Gece yatağa girince, kendini hesaba çek, o gün ne yaptığına bak, yarın ne yapacağına karar vermeden uyuma.
►Her gün iyi bir eserden sesli olarak beş on sayfa oku. Bu sayede konuşma ve söz söyleme yeteneğin gelişir.
►Rastladığın hikmetli bazı güzel ifadeleri ezberle. Bu sayede hem kelime ve ifade haznen zenginler hem de hafızan kuvvetlenir.
►Çalıştığın bir dersin, bir kitabın konularını bitirdikçe, kitabı kapayıp, okuduğunu ezberden özet halinde not et. Bir dersi, bir kitabı en iyi anlayıp öğrenmenin yolu, yazarak, not tutarak çalışmaktır.
►Bir dersten öğrendiğin, bir kitaptan okuduğun konuları arkadaşlarınla ezberden müzakere et. Bu suretle hem zekan işler ve öğrendiğin sindirilmiş olur, hem hafızan kuvvetlenir; hem de düzgün konuşma ve düşüncelerini açıkça ifade etme alışkanlığı kazanırsın.
►Dikkat et! Sözlerin ve yazıların kısa, açık ve anlamlı olsun.
►Okuduğun bir kitapta rastladığın güzel bir parçayı ve orijinal bir fikri -yerini ve sayfasını işaret ederek- not et. Bu suretle biriktirdiğin notları, bir dosyaya, bir fiş kutusuna sırası ile yerleştir. Bir yazı yazmak veya bir eser yapmak istediğin zaman, bu notlar senin için zengin bir malzeme hazinesi olur.
►Bir konu hakkında bir yazı veya bir eser yazmaya karar verdiğin zaman, önce, bu konu üzerinde yazılmış eserleri oku. Tâ ki, herkesin bildiği şeyleri tekrar edip ömrünü israf etme.
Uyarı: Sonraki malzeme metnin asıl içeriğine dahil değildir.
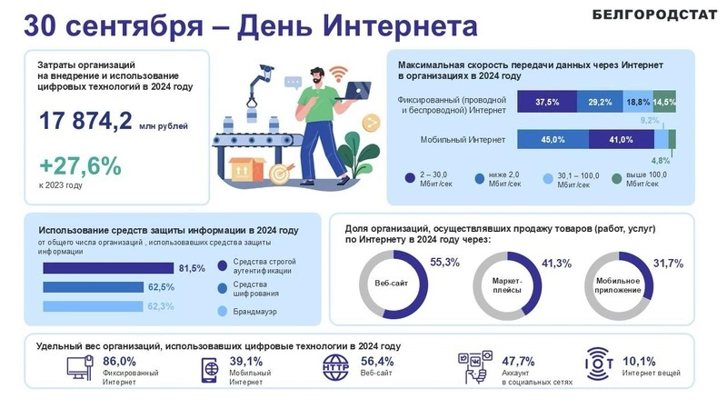 По данным статистики, в прошлом году проводной и беспроводной интернет использовали 86% исследованных организаций региона, мобильный — 39%. Всё активнее компании выходят в цифровое пространство: более половины из них имеют собственные веб-сайты, что на 5,5% больше, чем в 2023 году. При этом каждая десятая организация Белгородской области получает свыше 70% заказов через глобальную сеть.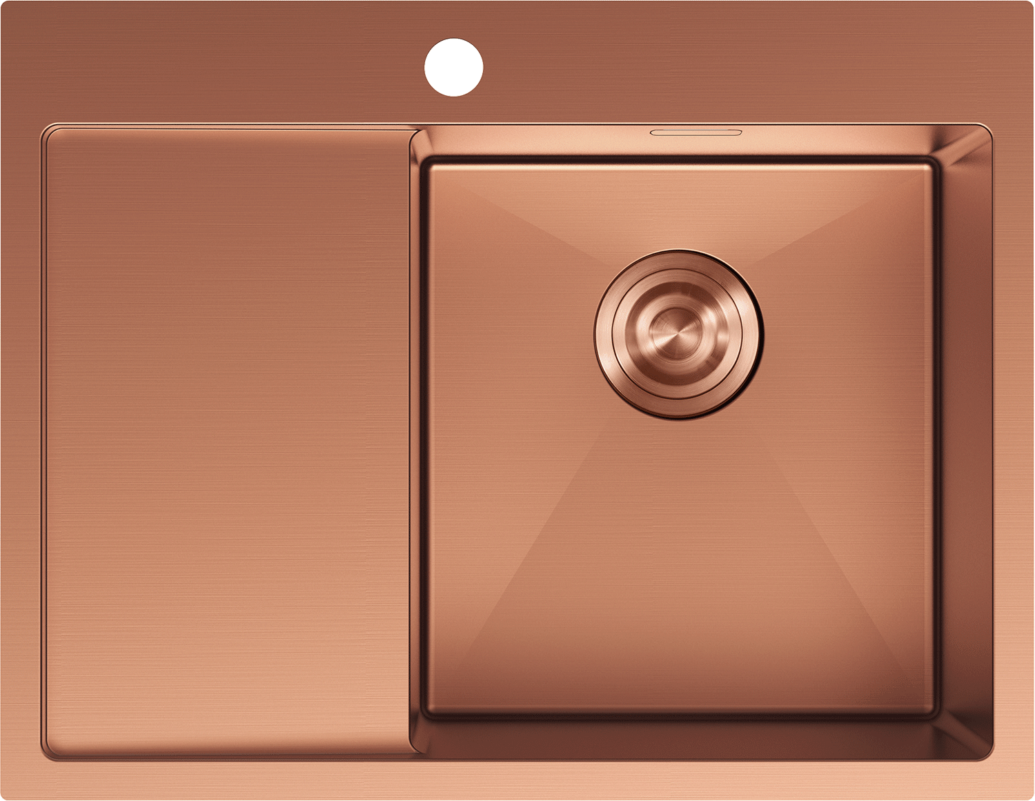 Мивката разполага със скрит преливен отвор, който предпазва от преливане, като същевременно запазва елегантния вид. Дискретно вписан в стената на мивката, той не нарушава нейната естетика. Това е практично и стилно решение, съчетаващо безопасност с модерен дизайн.

► Fikri çalışmanın herkesin mizacına göre değişen verimli ve kıymetli saatleri vardır. Bu saatler şahıslara göre değişebilir. Sabahın erken saatleri olabilir, kiminde gündüz kiminde gece olabilir. Kendine bak, senin kıymetli saatlerin hangileri ise, bunları hiçbir eğlenceye feda edip kaçırma. Düzen ve alışkanlı hayatın her safhasında gereklidir.
►Sebat et, damlaya damlaya göl olur ve aynı noktaya düşen damlacıklar, zamanla mermeri bile deler.

NOT : BU SAYFAYI KAYBETMEMEK İÇİN KAYDEDİN.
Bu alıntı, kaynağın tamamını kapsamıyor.